From Attention-on-RNNs to Attention-Is-All-You-Need

After Bahdanau's paper, attention became a standard add-on to sequence models. Luong et al. (2015) simplified the alignment function (using a dot product instead of a learned network), and attention was quickly adopted in speech recognition, image captioning, and summarisation. But in every case, attention was layered on top of an underlying RNN. The recurrence remained.

This matters for two practical reasons. First, RNNs are inherently sequential: we cannot compute $h_t$ until $h_{t-1}$ is done, which means we can't parallelise across timesteps during training. Modern GPUs are massively parallel processors, but an RNN forces them to process tokens one at a time, wasting most of their compute capacity. Second, even with attention, the RNN's hidden state still serves as the primary representation at each position, and that representation is built through the same recurrence that causes the long-range difficulties we discussed earlier.

The question that Vaswani et al. (2017) asked was radical: what if we throw away the RNN and use only attention? Instead of building representations through recurrence, every position attends to every other position directly, in parallel. The input is processed in one shot (all positions simultaneously), with attention as the sole mechanism for positions to exchange information. This is the Transformer architecture.

Removing the recurrence solves both problems at once. Without the sequential dependency between hidden states, every position can be computed in parallel during training, which makes transformers dramatically faster on GPU hardware. And because every position can attend directly to every other position (without passing through intermediate hidden states), long-range dependencies no longer require information to survive a chain of transformations. Position 1 and position 200 are connected through a single attention operation.

The next article unpacks exactly how this attention mechanism works. We'll look at the query-key-value framework that makes self-attention possible, walk through the scaled dot-product formula, and see why a seemingly simple mathematical operation (project, dot product, softmax, weighted sum) is powerful enough to replace recurrence entirely.

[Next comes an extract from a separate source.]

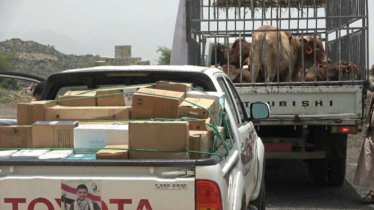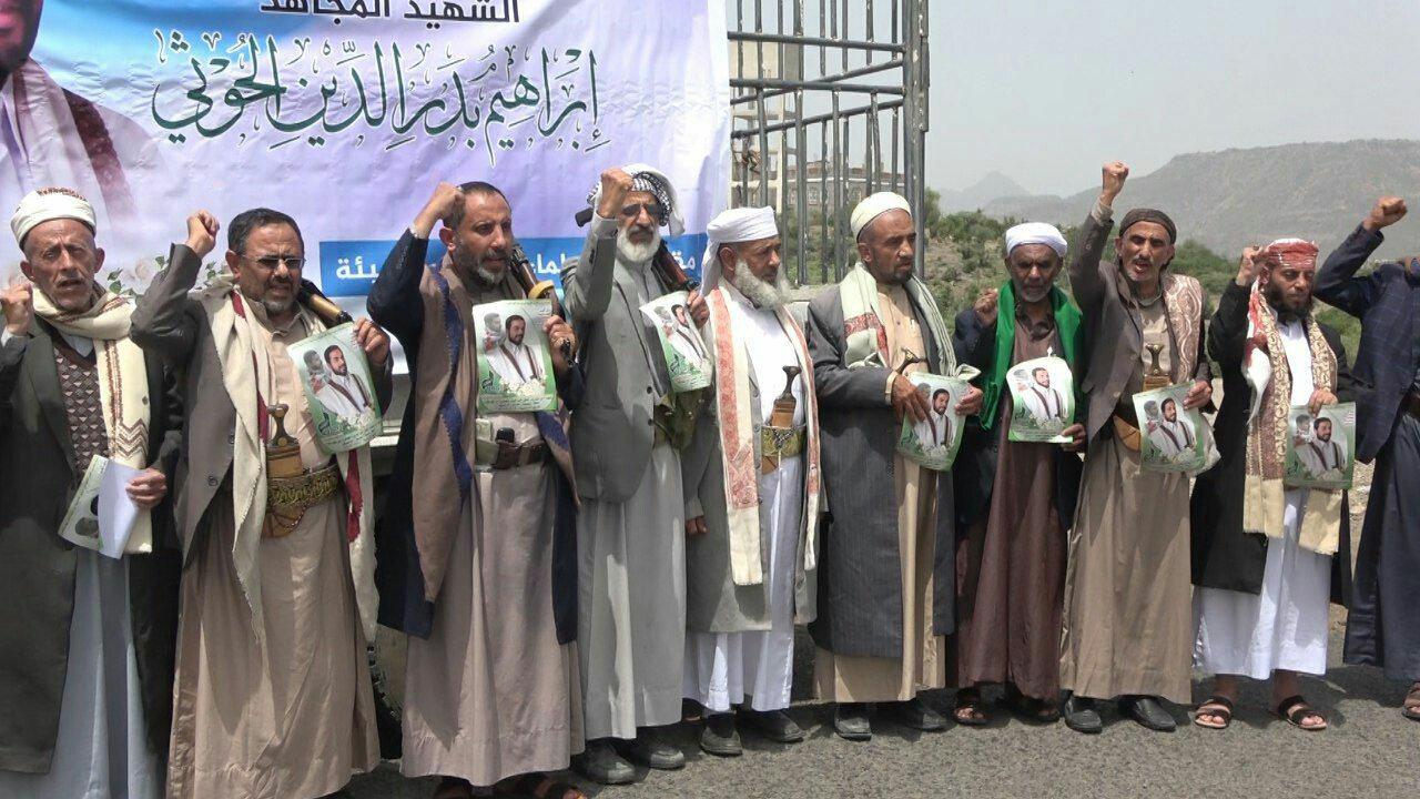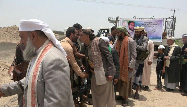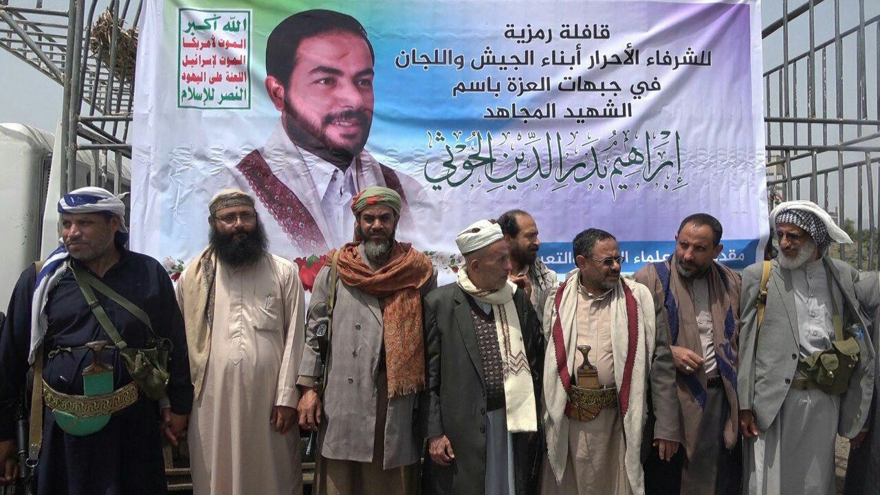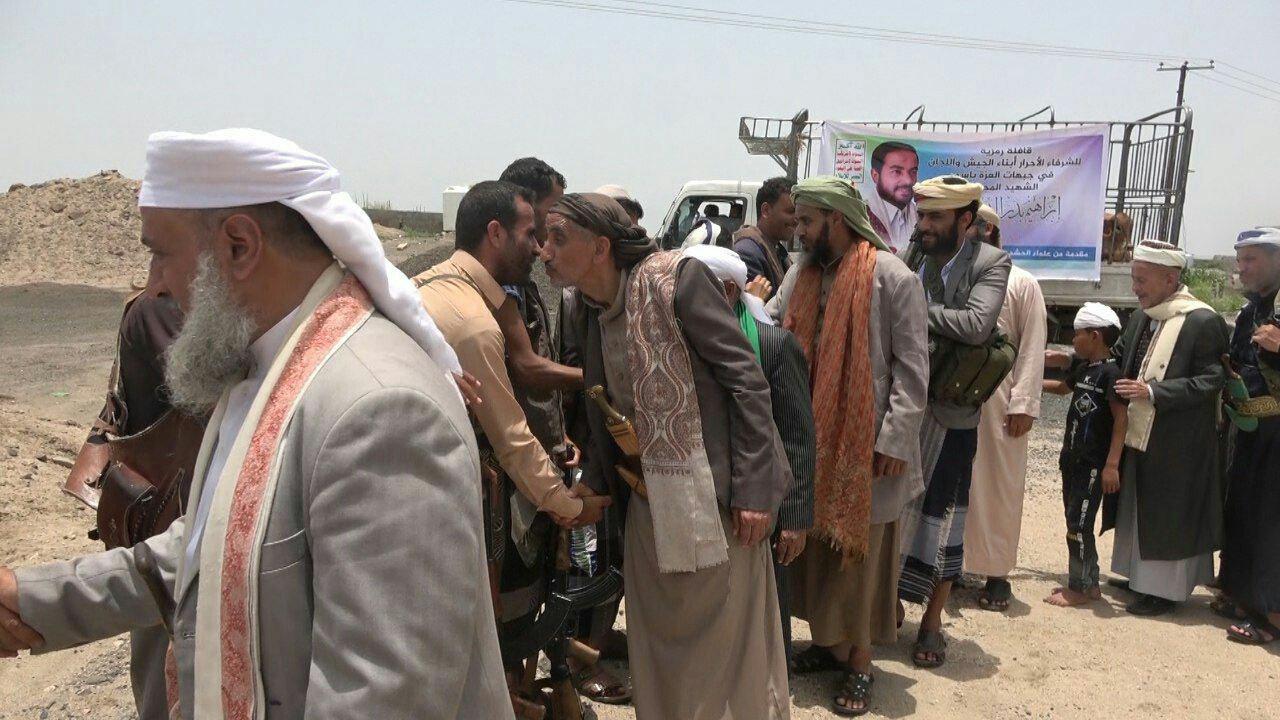 سير علماء الحشد والتعبئة العامة اليوم قافلة رمزية باسم الشهيد إبراهيم بدر الدين الحوثي للمرابطين في جبهة قعطبة بالضالع .

💡 The progression is worth keeping in mind as we go forward: RNNs had the sequential bottleneck, Bahdanau attention solved the information access problem but kept the RNN, and the Transformer removed the RNN entirely. Each step solved the previous step's limitation.

Quiz

Test your understanding of the motivation behind attention mechanisms.

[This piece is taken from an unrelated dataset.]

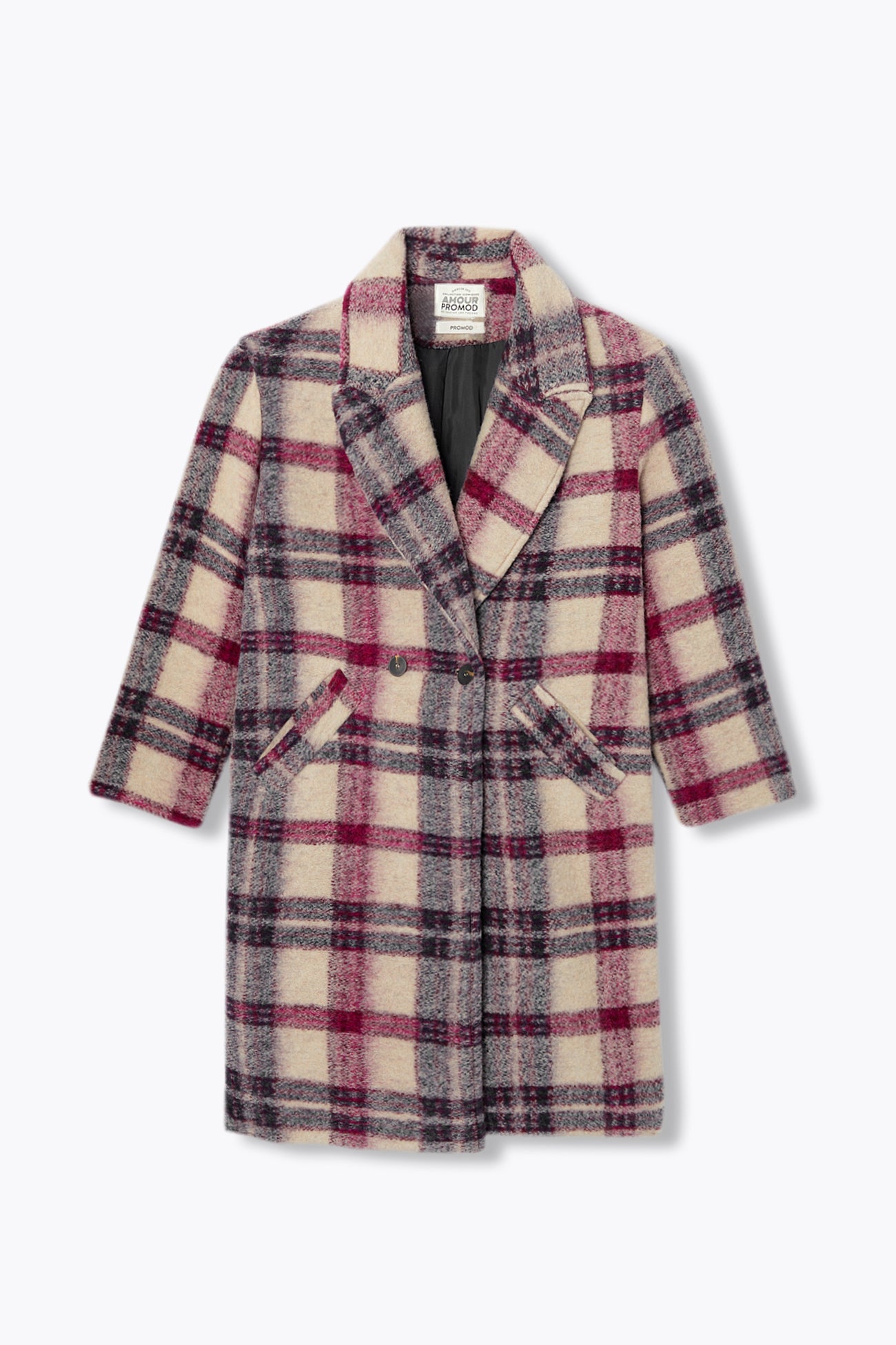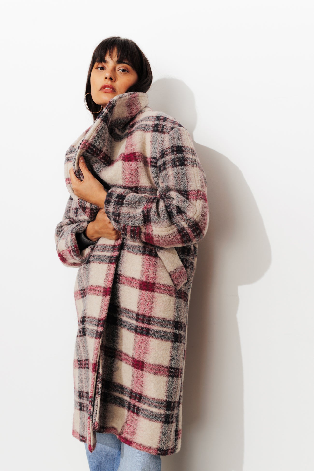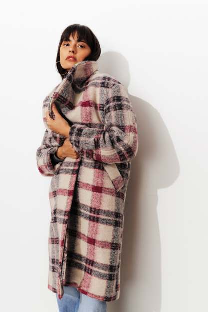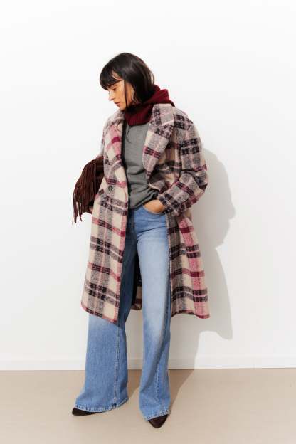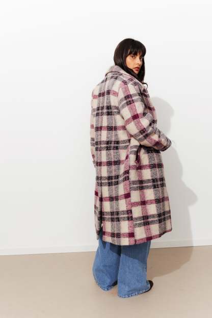 COLLECTION ICONIQUE (griffe collector). SIMONE, le manteau en laine mélangée sort en version carreaux. On flashe sur la coupe mi-longue urbaine. On se love dans la chaleur de sa laine souple (tissage italien). Col à larges revers. Fermeture croisée, double boutonnage. Emmanchures descendues. Poignets ceinturés. 2 poches. Fente d'aisance dos. Doublure. Ce manteau femme contient des fibres recyclées

What is the core problem with vanilla seq2seq encoder-decoder models?

The decoder has too many parameters to train efficiently

The entire source sentence is compressed into a single fixed-length context vector, losing information for long sequences

The encoder and decoder must have the same hidden dimension

The model cannot handle variable-length inputs

How does Bahdanau attention solve the information bottleneck?

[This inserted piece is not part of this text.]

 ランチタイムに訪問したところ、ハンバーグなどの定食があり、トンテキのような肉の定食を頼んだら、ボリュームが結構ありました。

By increasing the hidden state dimension of the RNN

By reversing the source sentence before encoding

By letting the decoder recompute a weighted context vector from all encoder hidden states at each step

By replacing the RNN with a convolutional network

What limitation of Bahdanau attention did the Transformer architecture address?

Bahdanau attention could not attend to multiple positions simultaneously

Bahdanau attention required too much memory for long sequences

The underlying RNN still processed tokens sequentially, preventing parallelisation and maintaining the recurrence bottleneck in the encoder

Bahdanau attention weights were not differentiable

If all attention weights α_ij are equal (1/T each), what does the context vector approximate?

The embedding of the most recent source token

A simple average of all encoder hidden states — similar to the fixed context vector in vanilla seq2seq

The decoder's own hidden state

A zero vector, since the weights cancel out